The Project Does Not Store Data
This project processes election data. It does not redistribute it.
Why Not
Legal
Each source publishes data under its own terms. MEDSL uses CC-BY. NC SBE publishes as public record under North Carolina law. OpenElections uses a mix of licenses depending on the state contributor. FEC data is public domain. Census reference files are public domain.
Bundling data from all sources into a single download would require compliance with every license simultaneously — attribution chains, share-alike provisions, and restrictions that vary by state contributor. The legal surface area grows with every source added. We avoid it entirely by not storing the data.
Practical
The current corpus is 8+ GB across three election cycles and seven sources. Adding MEDSL 2018 and 2020, full OpenElections coverage, and VEST shapefiles pushes this past 20 GB. Hosting, versioning, and serving that volume adds infrastructure cost and maintenance burden that contribute nothing to the pipeline’s accuracy or reproducibility.
Freshness
Sources update. NC SBE reissues precinct files when canvass corrections are made. MEDSL publishes errata and revised datasets. OpenElections contributors fix parsing errors and add new states. A copy of the data taken on March 18 may be stale by April 1.

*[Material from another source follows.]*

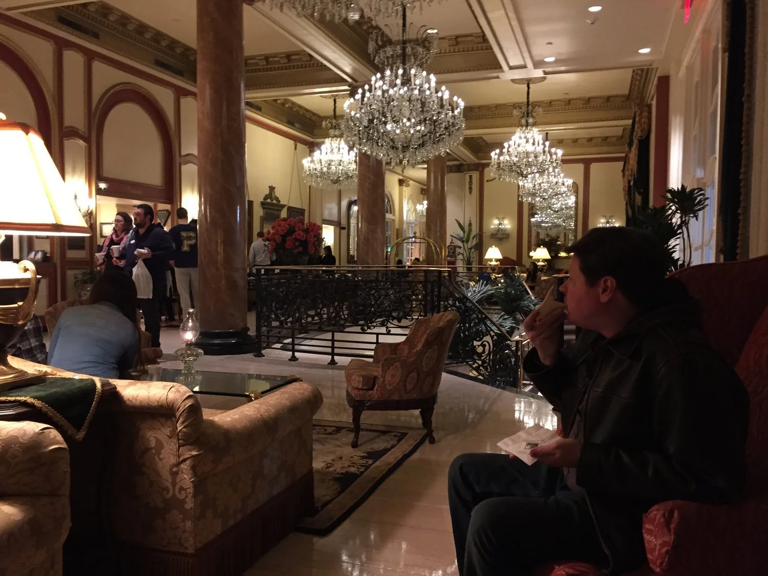 I stayed at Le Pavillon, an historic grand hotel a few blocks from the noise of Bourbon Street. Le Pavillon is a hotel with a tradition of peanut butter and jelly sandwiches served for guests at 10 o’clock nightly. What’s more, guests are invited to sit on the plush and ornate furniture of the beautiful lobby as if it’s our own personal living room. (I was to learn in the coming days that this is signature New Orleans style: a happy and open welcome.)

If we store data, every downstream user inherits our staleness. If users download from the authoritative source, they get the latest version — and our pipeline processes it identically.
What We Provide Instead
The project provides everything needed to acquire the data yourself:
| What | Where | Example |
|---|---|---|
| Exact source URLs | Each source chapter in Part II | https://s3.amazonaws.com/dl.ncsbe.gov/ENRS/2022_11_08/results_pct_20221108.zip |
| Download commands | Download the Data | curl -O <url> with expected file sizes |
| Schema documentation | Each source chapter | Column names, types, delimiters, encoding |
| Known quirks | Each source chapter | NC SBE uses \t separators but .txt extension; MEDSL 2022 has trailing commas in some state files |
| File size expectations | Download the Data | MEDSL 2022 NC: ~45 MB compressed |
| SHA-256 of our L0 copies | L0 manifests | Verify your download matches ours |
The L0 manifest for each file records the SHA-256 hash of the bytes we processed. After downloading the same file, you can hash your copy and compare. If the hashes match, your pipeline run will produce identical L1 output — byte for byte, hash for hash.
The Boundary
The project does bundle small reference datasets that are not election results:
- FIPS code reference files (~200 KB) from the Census Bureau, public domain. These change only on decennial redistricting.
- The nickname dictionary (~5 KB), original to this project.
- The office classification keyword and regex tables (~10 KB), original to this project.
- The 200-name office embedding reference set (~50 KB), original to this project.
These are small, stable, and authored by the project. They are not third-party election data.
Election results — the 42 million rows of precinct-level vote counts — are never stored, cached, or redistributed. The user downloads them. The pipeline processes them. The outputs live on the user’s machine.